Estive agora a consultar o "3000 años de cocina española", e a secção dos arrozes é curtíssima, apenas com 4 títulos, e todos da região Alicante-Valência-Catalunha. Há outros espalhados pelo livro, mas a modesta dimensão do capítulo dedicado reforça a ideia do Avental. Realmente parece que foi apenas na região mediterrânica e oriental de Espanha que o arroz ganhou algum peso na gastronomia tradicional.

(Fiquei também a saber, após esta breve consulta, que o arroz bomba é o pai dos risottos italianos de grão gordo.)

 
At 31/5/07 17:37, Anonymous Anónimo said...

a minha paella foi de cherne(verdadeiro e fresco), camarão 16/20, o pequeno dá muito trabalhoa descascar (sou mesmo preguiçosa) e ameijoas.
Fiz o fumet com a cabeça de cherne e mais os legumes.
Mas como a paella tem 50cm, usei a técnica dum site espanhol que me deu: pôr o arroz num montinho em toda a largura do diametro e depois a água terá de cobrir esse montinho, e fica a relação correcta entre a paellera, o arroz e a água. Arroz Bomba, com certeza!
Mais uma vez ficou fantástico.

 
At 31/5/07 21:10, Anonymous Anónimo said...

Caiano Silvestre, às vezes dão-me umas saudades do Nabão!

 
At 31/5/07 21:16, Anonymous Anónimo said...

Digamos que é um amor guloso, Cláudia. Pedindo-lhe desculpa pela minha filosofice: afinal que amor não o é? :)

 
At 31/5/07 21:56, Anonymous Anónimo said...

Caro CMF, não sabia da paternidade que o Bomba assume, e o certo é que o pai não envergonha os filhos, muito pelo contrário. Viver e aprender.

A minha ocupação profissional tem-me permitido conhecer bem Espanha, e também as férias. Vai a qualquer lado de Espanha e pode estar certo que a última coisa a aparecer-lhe na mesa é um "entrecote" com arroz de manteiga. De facto, não só não está no hábito deles usar o arroz como acompanhamento, como são poucos os arrozes como pratos extremes, como afirma.
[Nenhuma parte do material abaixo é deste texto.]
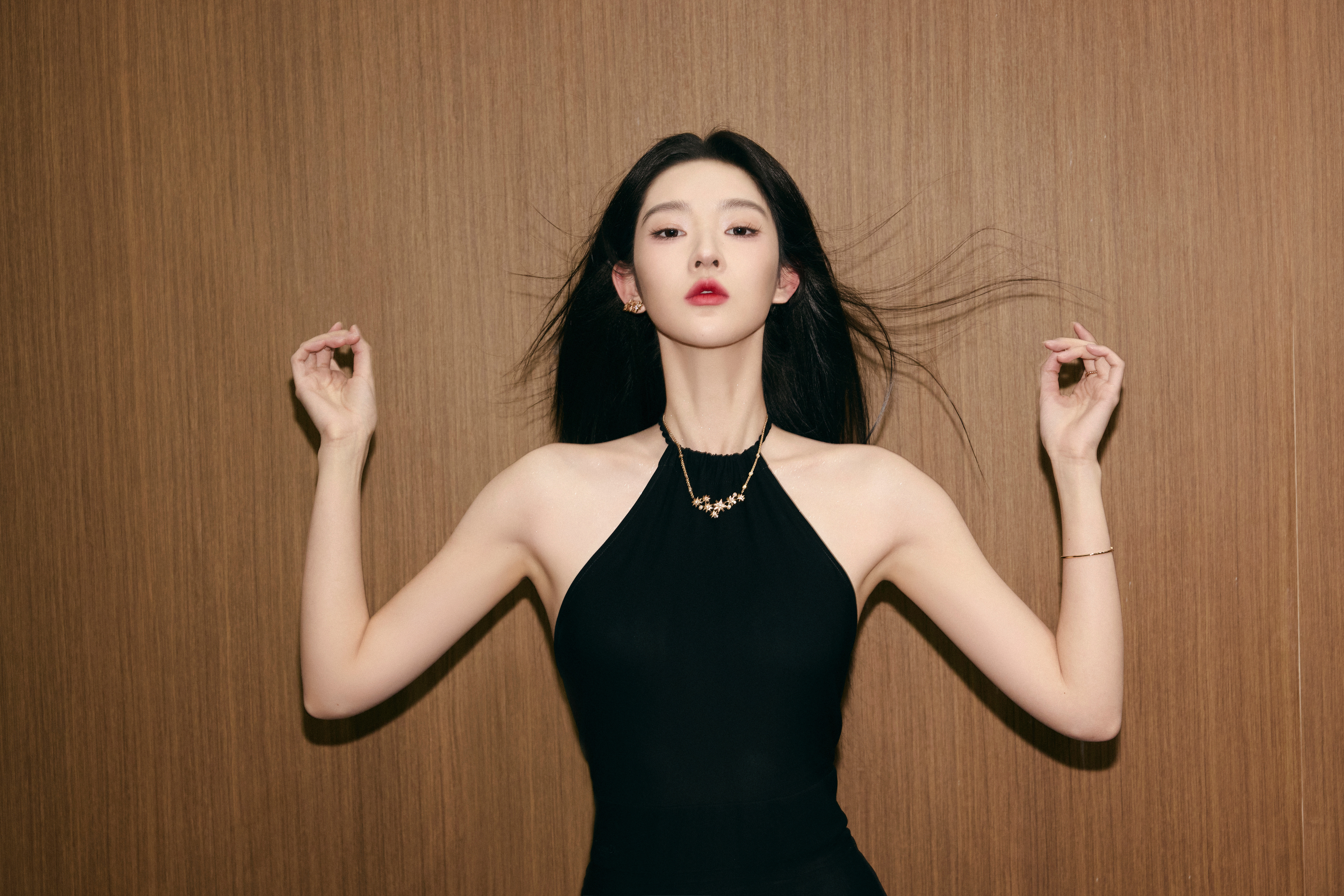 刘亦菲把死亡玫粉穿出了定制款的感觉,这种颜色普通人穿上分分钟黑三度,她居然能穿出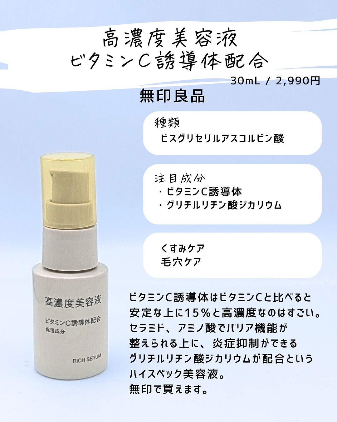 肌が荒れた時にビタミンCがいいとSNSで見かけたというフォロワーさんがいたけど、これは本当に辞めてほしい(濃度にもよるけど) ビタミンCは攻めのケアでもあるから、肌が敏感な時には避けてほしい。 でも、メラニン予防とか毛穴ケアには本当に良い商品でもあると思うから、使い方を間違えずに選択してほしいな!!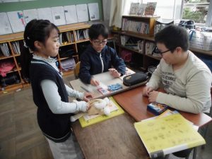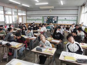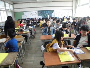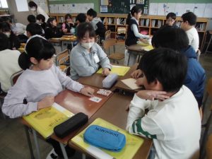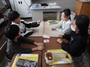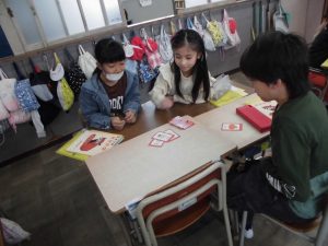 10月31日の英語の授業では、ハロウィンにちなんで英語に親しみながらハロウィンに関係する英単語を使ったカードゲームをしました。いろいろな振り付けをクラスの皆で考えて楽しくゲームに取り組む姿が見られました。どんなゲームだったかまたご家庭で話をしてみてください♪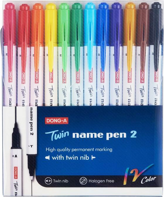 Mazaki/Pisak Perm.Dwustronny komp.12sztDONG-A Twin name pen2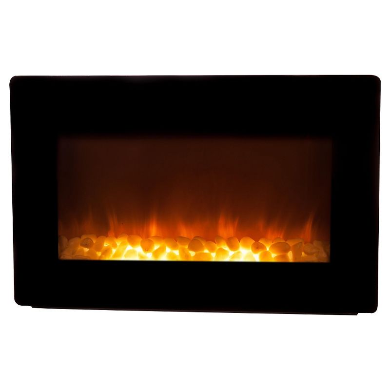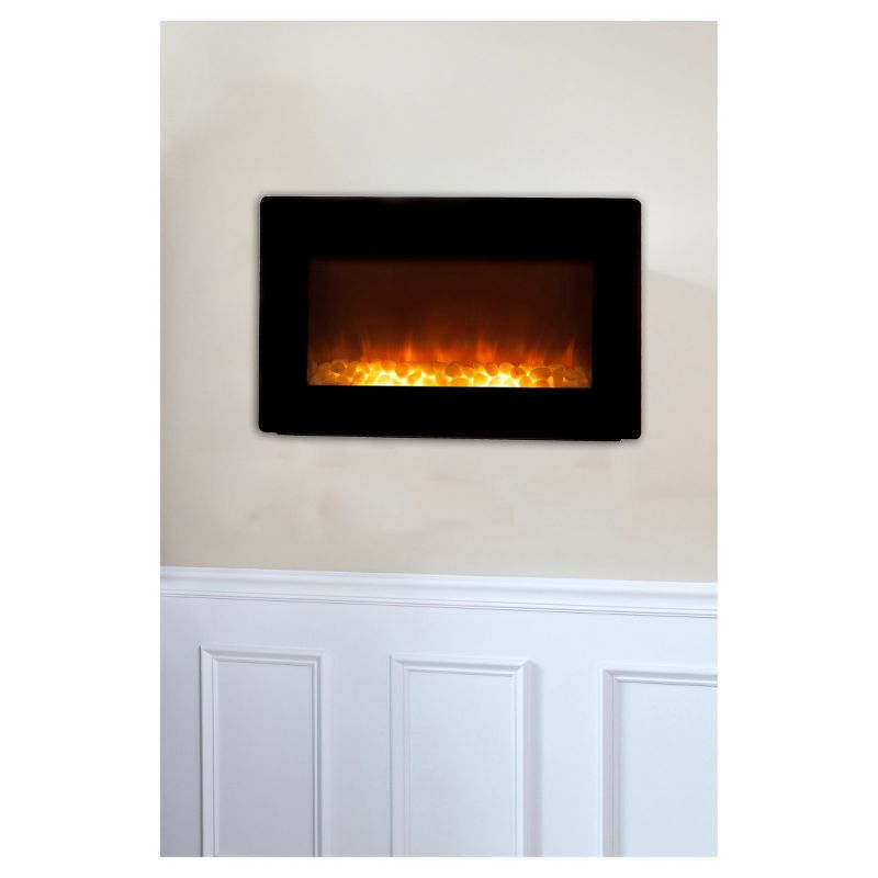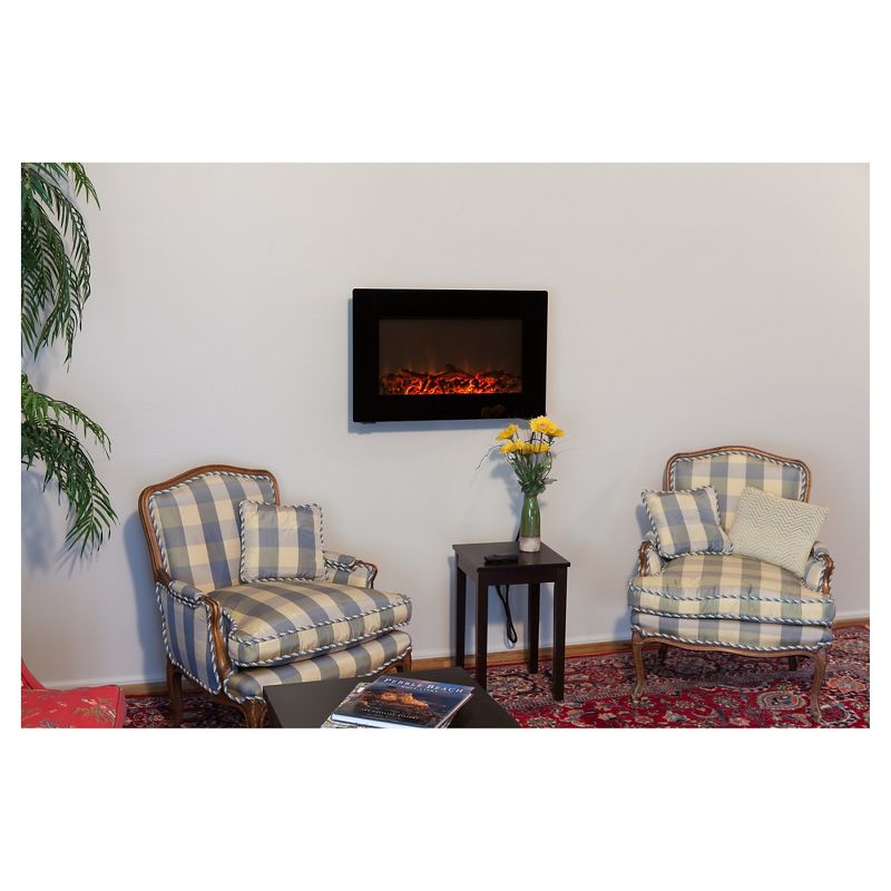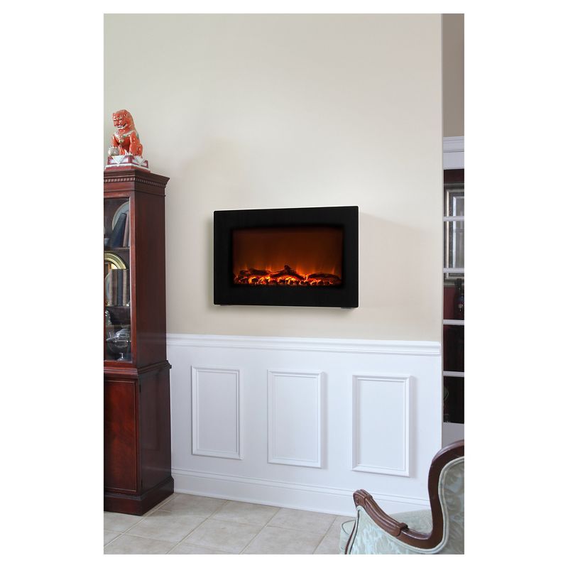 Add sophisticated ambience to any room with our Black Wall Mounted Electric Fireplace. This sleek unit extends a mere six inches from any wall. The modern black frame surrounds a wide realistic flame. The tempered front glass provides an astonishing reflective surface from which the fire comes alive. Adding even more romance to this perfect setting is the glowing ember bed. Included in this unit is a fully functional 1400 watt multiple setting electric heater. Comes with full function remote control.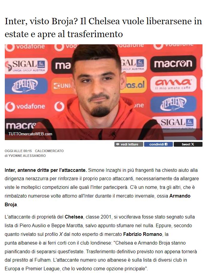 Chelsea dhe Broja po planifikojnë të ndahen përfundimisht në fund të këtij sezoni”, ky ishte lajmi i bërë publik një ditë më parë nga Fabrizio Romano. Sipas gazetarit të njohur, “bomberi” do të rikthehet te Chelsea pas huazimit të dështuar te Fulham gjatë janarit, por rikthimi i tij do të jetë i përkohshëm, pasi blutë nuk e shohin si pjesë të projektit. Ky lajm ka bërë xhiron në mediat italiane pasi për sulmuesin kuqezi ka një interesim të fortë nga shume klube në Serie A. Sipas mediave italiane, janë të paktën tre ekipe “big” që interesohet për shërbimet e Brojës, Inter, Milan dhe Napoli.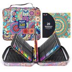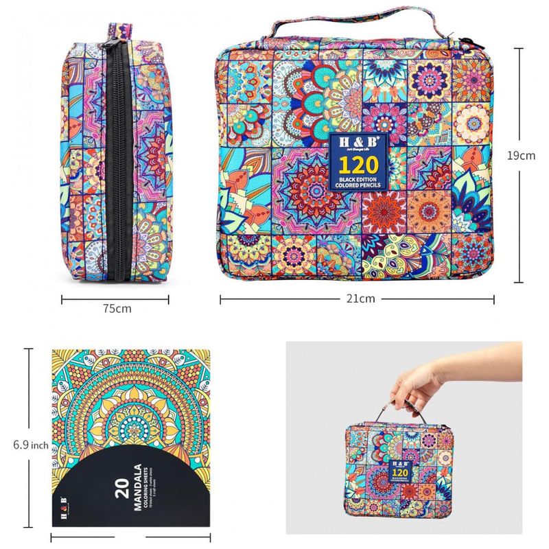 Este conjunto H & B Black Wood reúne 120 lápis de cor com corpo em madeira preta e minas macias à base de óleo, acompanhado de livro para colorir com papel preto, borracha, apontador e estojo com estampa mandala. As minas oferecem aplicação suave, pigmentação rica e boa resistência à luz, adequadas para camadas, mesclas e detalhes em papéis claros e escuros.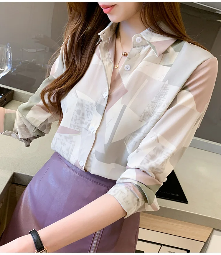 Женская шифоновая рубашка, с длинным рукавом и принтом во французском стиле, в Корейском стиле, для показа темперамента, 2021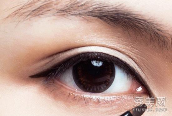 3.用深咖啡眼影顺着眼线重迭上去,柔和线条的锐利感。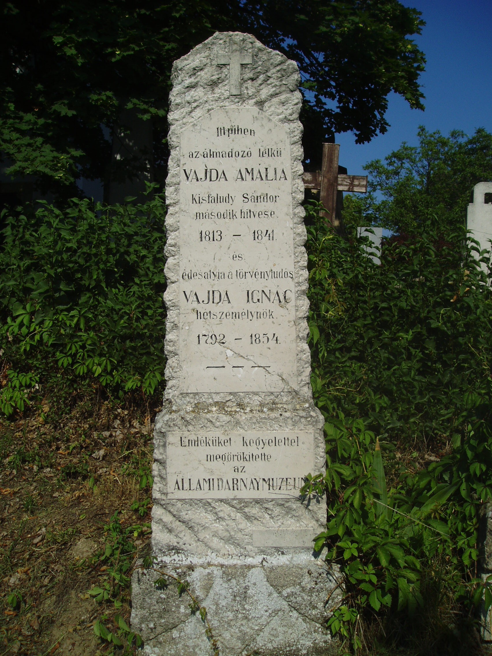 Nyilvános 918 | 2699 | Sümeg, Temető. Vajda Ignác és Amália sírja | Sümeg délkeleti határában, a Tapolcára vezető út mellett emelkedő lankás domboldalon találjuk a város köztemetőjét. Helyét még Bíró Márton püspök jelölte ki; jelentősebb számban a XIX. század eleje óta kezdtek ide temetkezni. A temetődomb tetején áll az 1816-ban épített, későbarokk stílusú temetőkápolna. Körülötte a sümegi élet utolsó két évszázada szinte valamennyi híres személyiségének sírja fellelhető. A temetőkápolna közelében nyugszik Vajda Ignác (1792-1854) hétszemélynök, több jogi kézikönyv szerzője és fiatalon elhunyt leánya, Vajda Amália (1813-1841), Kisfaludy Sándor költő második felesége 1834-1841 között. A fénykép 2007 júniusában készült. Felh. irod.: Koppány Tibor - Kozák Károly: Sümeg útikalauz. Veszprém, Idegenforgalmi Hivatal, 1965 Sümegi kalauz. Sümeg, Sümegi Fórum Alapítvány, 1993 Miklósi-Sikes Csaba: Kőbe vésett történelem. A sümegi városi temetők története és sírjelei 1950-ig. Sümeg, Sümegi Fórum Alapítvány, 2002 Veszprém megyei életrajzi lexikon. Veszprém, Veszprém Megyei Önkormányzat Közgyűlése, 1998 |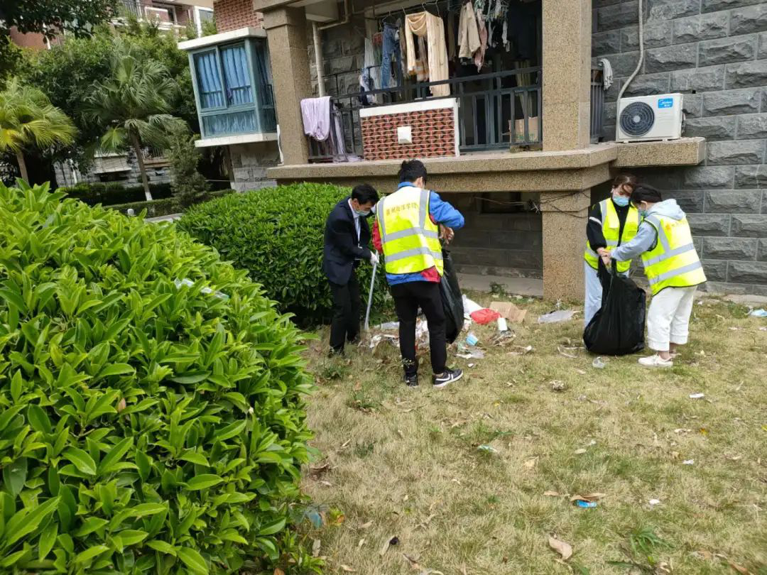 路走过大家手上的垃圾袋已是“战果累累”,地面上留不下一丝色彩。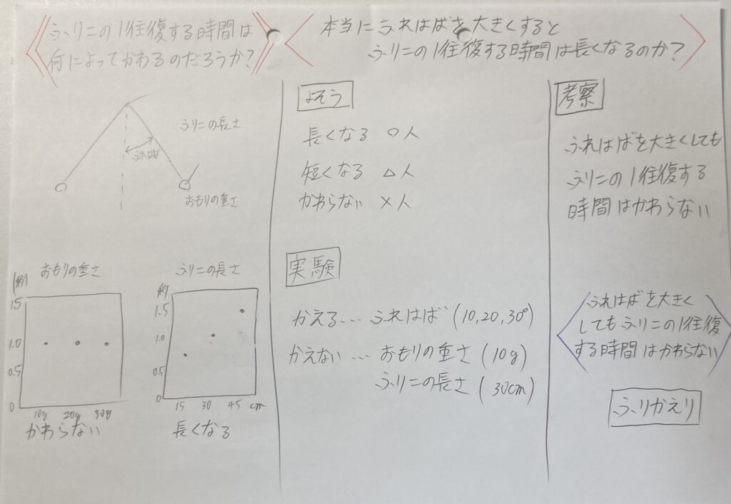 今回は、個別最適な学びはしませんでした。それは、ふれはばが大きくなりすぎると、1往復する時間が変わってくるからです。これは摩擦などの影響があるからだと思います。小学校の段階では、そこまで詳しいことはしないので、ここは個別最適な学びにして、みんなが混乱しないように配慮がいると思います。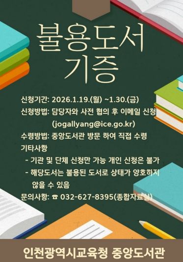 (시사미래신문) 인천광역시교육청중앙도서관은 지역사회 내 도서 나눔 문화를 확산하고 지식 자원의 선순환을 실천하기 위해 ‘불용도서 기관 나눔’ 사업을 운영한다.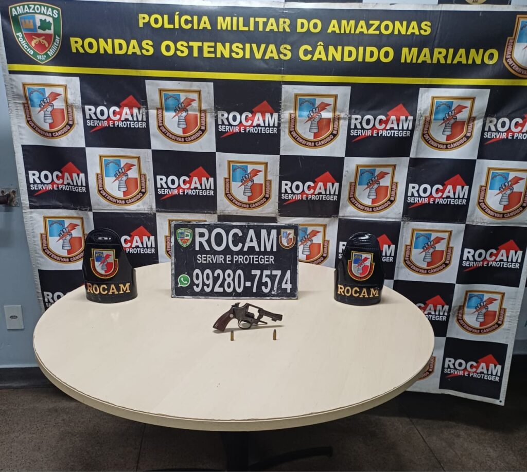 De acordo com a PM, a equipe da ROCAM 03, na viatura 1227, realizava patrulhamento na área quando avistou um indivíduo em atitude suspeita. Ao perceber a aproximação da guarnição, o homem fugiu, abandonando no local um revólver calibre .32, marca INA, de numeração 98562, carregado com duas munições intactas.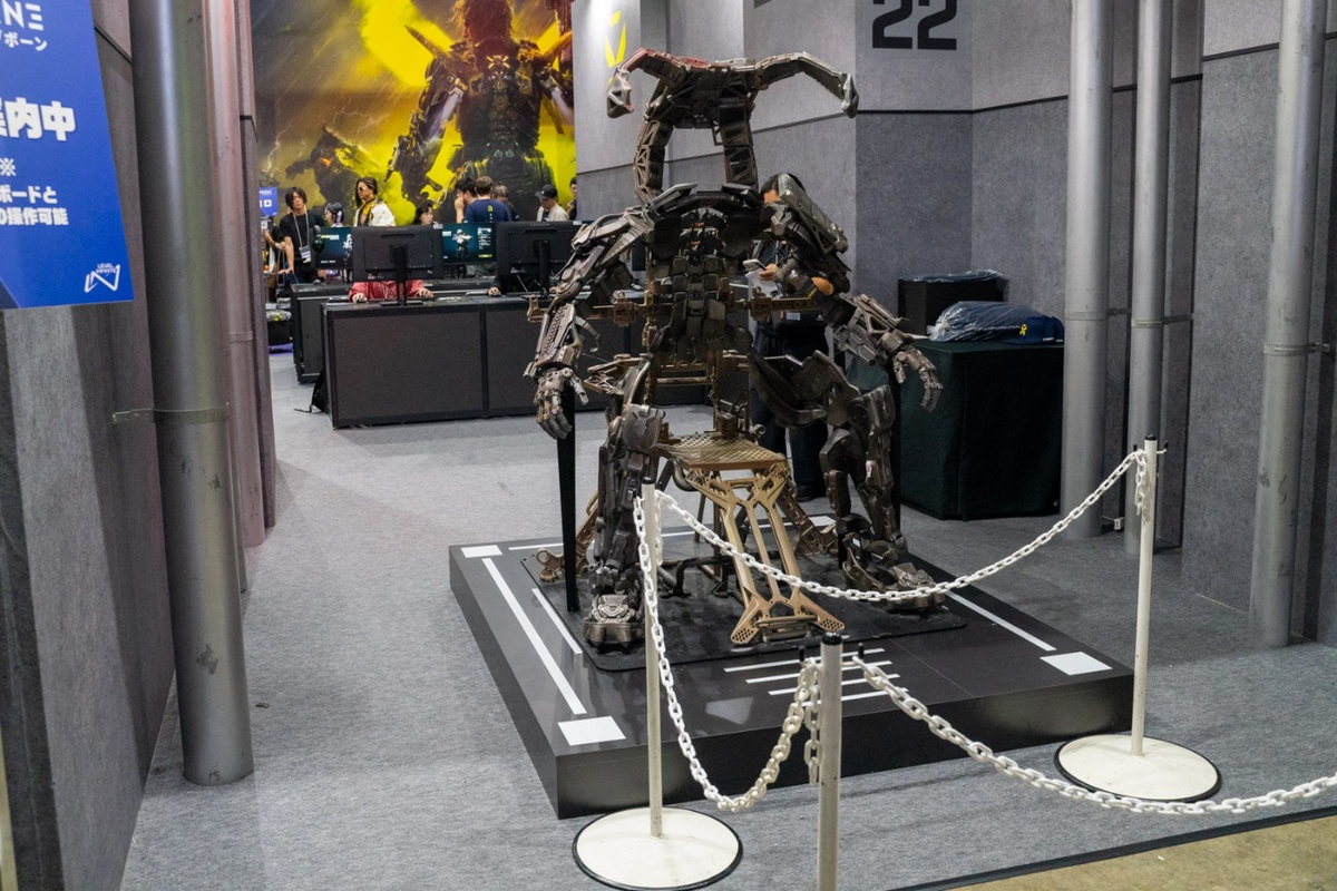 「EXOBORNE」も日本初試遊となり、世界観を再現したパワードスーツが展示。オフライン試遊イベントに参加すると、オリジナルグッズがもらえる。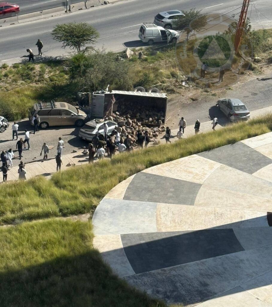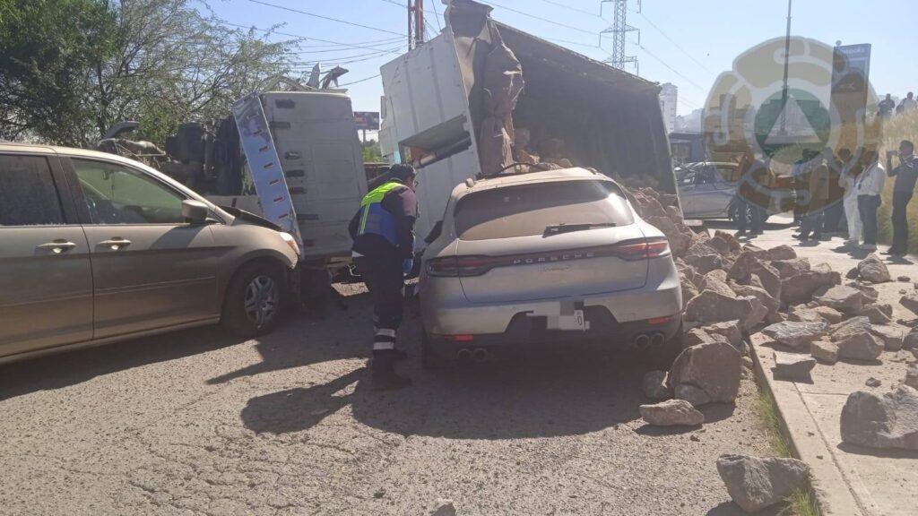 La mañana de este jueves se registró la volcadura de un camión de carga sobre la avenida Sierra Vista, frente a la Torre Tangente, en la zona poniente de la ciudad de San Luis Potosí.

Há um que é nacional deles, de que gosto bastante se bem gelado: o "arroz con leche", muito mais frequente em restaurantes que o nosso arroz doce cá. Os nossos industriais de restauração devem pensar que não é uma sobremesa suficientemente digna e trocam-no por baba de camelo. A mim mete-me espécie como é que tanta gente consegue deglutir uma sobremesa tão má com um nome tão a condizer.

 
At 31/5/07 22:08, Anonymous Anónimo said...

Marta, não sabia essa do montinho :) Com alguma prática, a água deixa de ser problema, ainda que em arrozes caros como a paella marinera eu volte às medidas.

Se usasse lulas, frango, coelho, servia-se da cabeça do cherne para o fumet e do resto para a refeição seguinte. Grelhado com batatinhas novas e molho de manteiga...

 
At 31/5/07 23:31, Anonymous Anónimo said...

Caro Avental, eu em Espanha acabo sempre por me perder nas tapas e nos mariscos, e raramente me sento num restaurante para olhar com atenção para uma refeição completa. Daí só agora ter percebido, depois de ler o seu texto, e recorrendo à memória e fazendo alguma consulta bibliográfica, que o arroz não tem papel de peso na cozinha espanhola. Produto de luxo, antigamente, e que acabou por não entrar nos hábitos? Talvez seja essa a explicação, como já aventei.
Bem, ainda assim recordo de Espanha alguns magníficos arrozes. Os "a la marinera" que costumo comer nos "chiringuitos" da Andaluzia ocidental; o negro, do qual já falámos (e recentemente comi um em Mérida, no restaurante Altair, de chorar...); e um pilafado com gambas e foie gras em Sevilha, uma obra-prima (mas suspeito que não seja coisa tradicional, conquanto o restaurante não fosse dado a fusões; as "conquilhas com favinhas" que vieram antes confirmam a ideia; mas já estou a divagar, e a recordar momentos felizes!).

Quanto ao "arroz con leche", ainda não o reparei nele, mas vou ficar agora mais atento, embora eu não seja muito "doceiro"!